Военные переглянулись: имелось в виду, что за варшавское поражение наказание понес Сталин - был освобожден Троцким от должности члена Реввоенсовета фронта за саботаж.

- Пусть на Пилсудского сердится.

Несчастная (в глазах некоторых) и чванливая (в глазах многих) Польша то появлялась на карте, то исчезала, словно и не было вовсе такой страны. Сегодня она опять возникла, и от нее ждали беды. Польша заявляла претензии всем: захватывала Вильно, требовала Верхнюю Силезию, шла на Украину, была готова взять часть Чехословакии. Отец рас сказывал генералу, как они бежали из Тухоля:

- Задушили поручика Сухомлинского - задушили и ушли. Жаль, Владислава Сикорского на пути не встретили, - добавил отец, - вот кто зверь. Сухомлинский как раз неплохой был пан. Однажды мне хлеб дал.
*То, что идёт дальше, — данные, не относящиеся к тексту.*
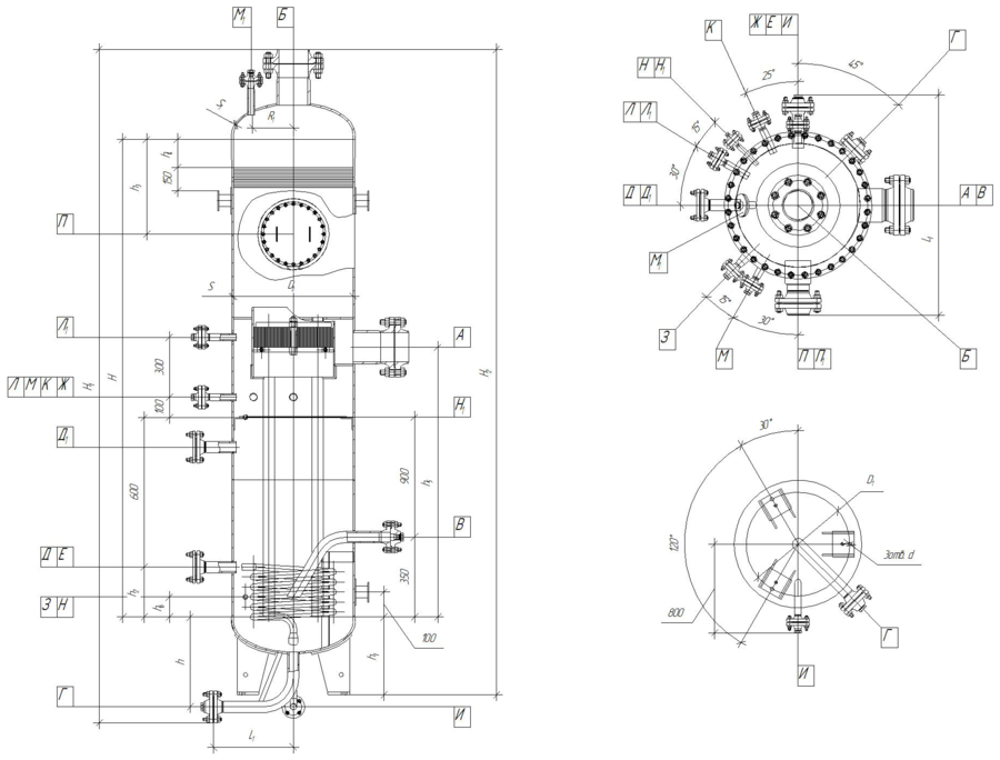 Обозначение Назначение Размеры в зависимости от объёма аппарата А Вход газа 150–350 Б Выход газа 150–350 В Выход конденсата 50–100 Г Дренаж 50 Д Уровнеметр 50 Е Термометр по запросу Ж Термопреобразователь 50/М20х1,5 З Вход теплоносителя 20–25 И Выход теплоносителя 20–25 К Для манометра М20х1,5; Ду 50 Л Отбор давления 50 М Дифманометра по запросу Н Указатель уровня 15–50 П Люк 100–450 -

Почти без плесени.

- Пан Сикорский еще себя покажет, - сказал тогда генерал Гамарник. - Время пройдет, мы еще с этим паном хлебнем. - Не дожидаясь этого времени, он хлебнул без пана, опрокинул в себя рюмку, похвалил холодец. - Сама делала, Татьяна?

- Нет, Таня так не может, это Глебовна исполняла, - засмеялся отец.

Глебовна была прислуга, прожившая с ними пятнадцать лет, отец считал ее членом семьи.

За столом в тот вечер поговорили и о «Стальном пакте» - об «Антикоминтерновском союзе» Германии, Италии и Японии. - Проблема с Польши началась, - сказал отец, - с Вислы пошло криво. Если бы взяли Варшаву, мир уже был бы наш. Сердце Европы.

- Что теперь говорить! - с сердцем, с досадой сказал генерал и рюмку махнул, заглушая сердечную муку - свою и польскую. Если и впрямь Польша являлась сердцем Европы, сердце это переживало бес спорный инфаркт.

- Верно, говорить не о чем. Не пошла революция далеко. А может быть, - тут отец погладил больное колено, - а может быть, и хорошо, что дальше не пошла. С польскими крестьянами мы бы не договорились. Революция пролетарская, крестьянину в ней делать нечего.

- Вот оно что, - сказал Гамарник ехидно, в бороду черную ухмыльнулся. - Значит, не нашли хорошей работы крестьянину?

- Выходит так.

- Скоро война, - сказал Гамарник, - дело всем найдется. И крестьянину на войне будет чем заняться.

- Будет война? - сказал отец. - Разве война когда-нибудь кончалась? Мы с тобой всегда: с войны на войну. Ты дома часто обедал?

- Я говорю как генерал и член Совета обороны, мы сегодня обозначили линии фронтов, можно видеть карту, - сказал Гамарник. - Наконец можно! Это и есть война, когда я могу составить план кампании и просчитать стратегию удара. Я могу тебе приказать: бери эскадрон, Дешков, и скачи на правый фланг - потому что этот правый фланг есть.

- Правый фланг и раньше был.

- Был фланг - на депеше штабной нарисованный. А поедешь ты на этот правый фланг, так до него двести верст степи, которую не посчитали, потому что как степь посчитать? Промахнуться на сто верст легко - она же плоская, сволочь, примет в ней нету. И тяни обозы, и гони фуры. Это уже не война, а вопрос, извини, снабжения и выживания в труднодоступной местности.

- Война и есть вопрос выживания.

- Что ж ты меня на слове ловишь, ты же не комиссар! Армия воюет с армией, и генералу есть работа. Сам ведь понимаешь, что я имею в виду! Конечно, когда в тебя из леса шмаляют мужички, это тоже война, но я так воевать не умею. И за двадцать лет не научился. По триста верст непонятной земли - от фланга до фланга. Лес темный - а кто в нем, не поймешь никогда. И чья это земля - ни в одном штабе тебе не скажут.

- Однако так воевали двадцать лет подряд, - сказал отец, - привыкли.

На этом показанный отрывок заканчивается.